By Associated PressJuly 16, 2007, 4:00 pm
CARNOUSTIE, Scotland -- It was wicked one minute, wonderful the next.
The rain and wind were so strong Monday morning at Carnoustie that Tiger Woods and Rod Pampling didn't even bother with umbrellas, and Woods took off his glove when he lost feeling in his ring finger. By the afternoon, Henrik Stenson sat on the side of the practice range trying to decide which sunglasses to wear.
Tiger Woods
Tiger Woods practices in the rain and wind Monday at Carnoustie. (Getty Images)
'It can turn in a hurry,' Chad Campbell said. 'We saw it today.'
Sweaters gave way to short sleeves.
Coffee sales slowed as fans queued up at the ice cream stand.
The weather is often the best defense in links golf, and it's what makes the British Open so unique. Along with being brutal, it can change without notice, and sometimes having the good end of the draw can matter as much as raw talent.
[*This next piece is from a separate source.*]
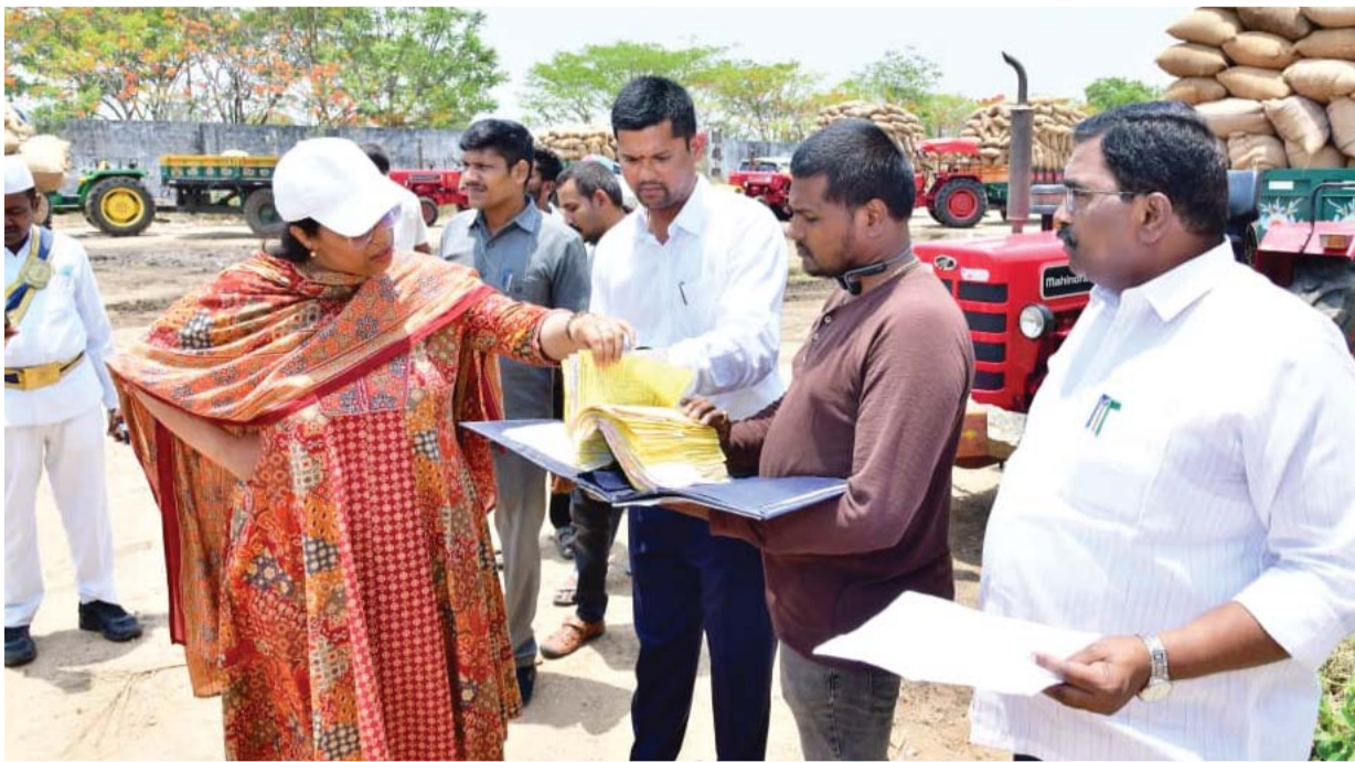
వెంటనే ఏర్పాటు చేసి ధాన్యం సంచులను తక్షణమే మిల్లులకు మిల్లుల వద్ద ధాన్యం సంచుల అన్ టోడింగ్ ప్రక్రియను తరలించేలా చర్యలు తీసుకోవాలని ఆదేశించారు. అలాగే వేగవంతం చేయాలని, బ్రాక్ షీట్ వివరాలను ఓపీఎంఎస్

But it has been on somewhat of a holiday since Woods' bid for the calendar Grand Slam in 2002 ended in a blast of arctic wind and stinging rain at Muirfield that sent him to an 81, still his highest score as a professional.
Sure, there has been the occasional rain and a wee breeze, but nothing nasty.
Charles Howell III didn't play his first British Open until 2003 and has never really experienced a miserable day on the links. Monday was the first full day of practice for many players, and presented with the opportunity, Howell didn't want to miss it.
'I didn't play that year at Muirfield, and I don't know how it compared,' Howell said. 'I just wanted to play it and see. And it was really rough. It was very rough.'
He played Carnoustie on Sunday and hit a 4-iron to the fourth fairway and a 7-iron to the green. One day later, hands stuffed in his pockets as he practiced alone, Howell hit a driver and a 3-iron to reach the green at the 412-yard hole.
No telling how Mother Nature will behave when the British Open begins Thursday, or the rest of the week.
Woods, Pampling, Howell, Brett Quigley and Robert Karlsson were among those who left nothing to chance. Woods was on the first tee at 6 a.m., his typical starting time during practice rounds at the British Open.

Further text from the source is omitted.